#### [TASK STATEMENT]
Once you find the line with "เรอัล มาดริด ยิงนำขาดถึง" in the data that follows, repeat it and every line after it exactly, through the line with "Can-Am Maverick Sport".

DATA FOR THE TASK section start

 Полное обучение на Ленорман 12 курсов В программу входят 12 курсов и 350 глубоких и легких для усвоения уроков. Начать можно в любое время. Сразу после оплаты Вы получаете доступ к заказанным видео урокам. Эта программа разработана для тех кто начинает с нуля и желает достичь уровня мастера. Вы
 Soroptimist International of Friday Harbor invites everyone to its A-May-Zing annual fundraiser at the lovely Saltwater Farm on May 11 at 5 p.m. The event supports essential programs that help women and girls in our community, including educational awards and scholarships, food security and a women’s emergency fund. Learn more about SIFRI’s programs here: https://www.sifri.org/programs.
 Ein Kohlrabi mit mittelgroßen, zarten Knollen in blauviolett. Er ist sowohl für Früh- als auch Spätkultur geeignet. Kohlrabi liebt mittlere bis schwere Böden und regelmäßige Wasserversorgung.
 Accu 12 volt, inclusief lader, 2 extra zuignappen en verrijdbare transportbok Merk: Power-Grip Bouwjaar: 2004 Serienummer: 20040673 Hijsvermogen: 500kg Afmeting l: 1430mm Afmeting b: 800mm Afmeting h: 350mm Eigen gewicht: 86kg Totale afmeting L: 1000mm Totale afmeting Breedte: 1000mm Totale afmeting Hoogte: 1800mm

DATA FOR THE TASK section end
DATA FOR THE TASK section start

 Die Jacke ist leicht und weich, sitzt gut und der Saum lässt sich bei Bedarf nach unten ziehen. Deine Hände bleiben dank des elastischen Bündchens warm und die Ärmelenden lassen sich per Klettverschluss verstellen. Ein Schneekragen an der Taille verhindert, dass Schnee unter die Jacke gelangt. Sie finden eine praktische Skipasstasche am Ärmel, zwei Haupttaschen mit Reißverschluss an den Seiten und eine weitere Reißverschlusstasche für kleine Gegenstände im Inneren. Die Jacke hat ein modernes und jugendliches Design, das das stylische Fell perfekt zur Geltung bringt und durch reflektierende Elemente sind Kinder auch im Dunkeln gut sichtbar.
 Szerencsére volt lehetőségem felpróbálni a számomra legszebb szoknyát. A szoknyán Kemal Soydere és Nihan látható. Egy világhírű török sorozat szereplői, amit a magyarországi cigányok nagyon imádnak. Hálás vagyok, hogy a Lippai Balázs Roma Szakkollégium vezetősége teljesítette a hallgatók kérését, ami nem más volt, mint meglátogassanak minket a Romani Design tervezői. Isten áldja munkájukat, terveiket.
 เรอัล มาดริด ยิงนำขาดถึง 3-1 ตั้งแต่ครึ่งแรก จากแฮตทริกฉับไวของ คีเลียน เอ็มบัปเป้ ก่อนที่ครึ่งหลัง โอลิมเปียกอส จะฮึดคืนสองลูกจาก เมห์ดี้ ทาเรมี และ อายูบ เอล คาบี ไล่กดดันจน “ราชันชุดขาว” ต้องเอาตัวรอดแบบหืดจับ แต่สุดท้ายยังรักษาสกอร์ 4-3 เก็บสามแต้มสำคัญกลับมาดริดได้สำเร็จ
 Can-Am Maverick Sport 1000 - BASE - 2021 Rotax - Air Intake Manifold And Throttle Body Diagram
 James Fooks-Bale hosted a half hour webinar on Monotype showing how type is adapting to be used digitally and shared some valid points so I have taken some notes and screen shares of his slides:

DATA FOR THE TASK section end

#### [TASK ANSWER]
 เรอัล มาดริด ยิงนำขาดถึง 3-1 ตั้งแต่ครึ่งแรก จากแฮตทริกฉับไวของ คีเลียน เอ็มบัปเป้ ก่อนที่ครึ่งหลัง โอลิมเปียกอส จะฮึดคืนสองลูกจาก เมห์ดี้ ทาเรมี และ อายูบ เอล คาบี ไล่กดดันจน “ราชันชุดขาว” ต้องเอาตัวรอดแบบหืดจับ แต่สุดท้ายยังรักษาสกอร์ 4-3 เก็บสามแต้มสำคัญกลับมาดริดได้สำเร็จ
 Can-Am Maverick Sport 1000 - BASE - 2021 Rotax - Air Intake Manifold And Throttle Body Diagram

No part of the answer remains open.